# Breeding Auratus



## daveyboy (Jan 12, 2009)

I was just wondering if anyone had any experience with breeding D. Auratus (Turquoise and bronze) and had any suggestions of how to get them to breed? 

I have a huge healthy female and a small but healthy male. The temperature gets to about 78F during the day and the humidity is always over 85%. They both eat like crazy and seem healthy, so I was maybe thinking of adding something into the tank for them to breed in or on. Any tips or suggestions would be grealty appreciated.

Thanks


----------



## Julio (Oct 8, 2007)

do you have a hut in the tank with a petri dish? how often do you mist?


----------



## daveyboy (Jan 12, 2009)

I mist everyday and no I don't have a hut and a petri dish. Is that the most successful method?


----------



## Julio (Oct 8, 2007)

yeah i woudl place a hut in there with a dish and ia m sure in a week or two they will get going.


----------



## daveyboy (Jan 12, 2009)

Where would be the best place to get a petri dish? Anything else I could use?


----------



## Julio (Oct 8, 2007)

you can also use a lid of a delis cup


----------



## daveyboy (Jan 12, 2009)

At what age do most Auratus reach sexual maturity?


----------



## Julio (Oct 8, 2007)

they usually mature at around 10-12 months, but i have gotten eggs from some that were 6 months, but those are the exception.


----------



## daveyboy (Jan 12, 2009)

Thanks for answering my questions, its greatly appreciated. Any other tips?


----------



## Philsuma (Jul 18, 2006)

Do you hear calling from the male?


----------



## daveyboy (Jan 12, 2009)

No I don't hear calling from the male. Could it be because I don't have any breeding areas in my tank yet? Is the males call loud?


----------



## Julio (Oct 8, 2007)

they are fairly loud so you would hear it.


----------



## Philsuma (Jul 18, 2006)

I have two calling male highland bronze Auratus in a viv in my living room right now.

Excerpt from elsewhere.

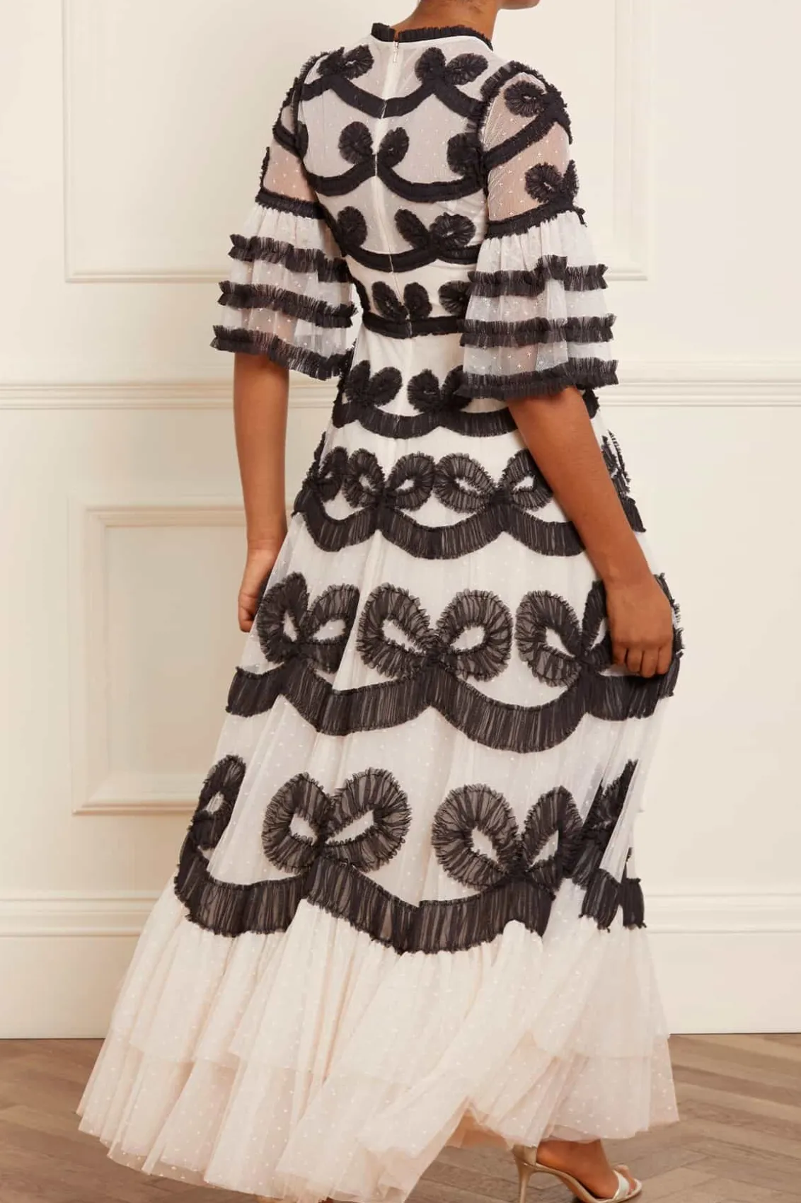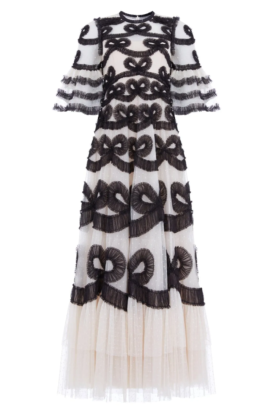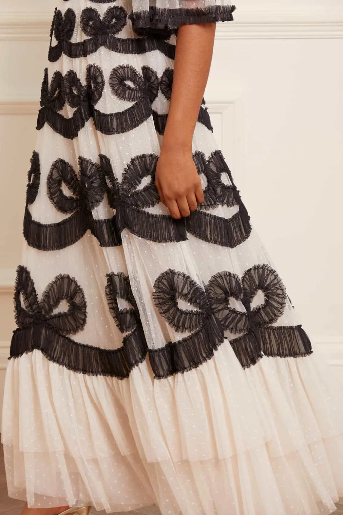 The Ingrid Gown in Cream / Graphite. This iconic Needle & Thread style is inspired by vintage ribbon bows. Beautifully engineered with delicate tulle and subtle texture to capture this ribbon motif. This signature Needle & Thread monochrome gown is bold yet truly romantic.

Their call is not loud at all and sounds like a squeeky door. If the viv was not right next to my couch, there is no way I would be able to hear it.

If you haven't heard your suspected male call.....then the jury may still be out on it's sex....


----------



## Julio (Oct 8, 2007)

interesting, all of my auratus are actually very audible, not as loud as luecs, but definitely can be heard.


----------



## Philsuma (Jul 18, 2006)

Julio,

Yeah...hard to qualify the call, I guess.

Not as soft as a vent buzz.....but nowhere near the volume level of a Leuc.

It would be hard to hear with a lot of background noise, TV on loud ect but if the room was entirely quiet....yeah, you could hear it no problem.


----------



## asilsdorf (Sep 7, 2005)

I wouldn't say an Auratus call is loud but it is definitely audible outside of the viv.

My Green & bronze Auratus viv is beside my desk and while I am working I will often hear a light buzz and then realize it is the male calling. 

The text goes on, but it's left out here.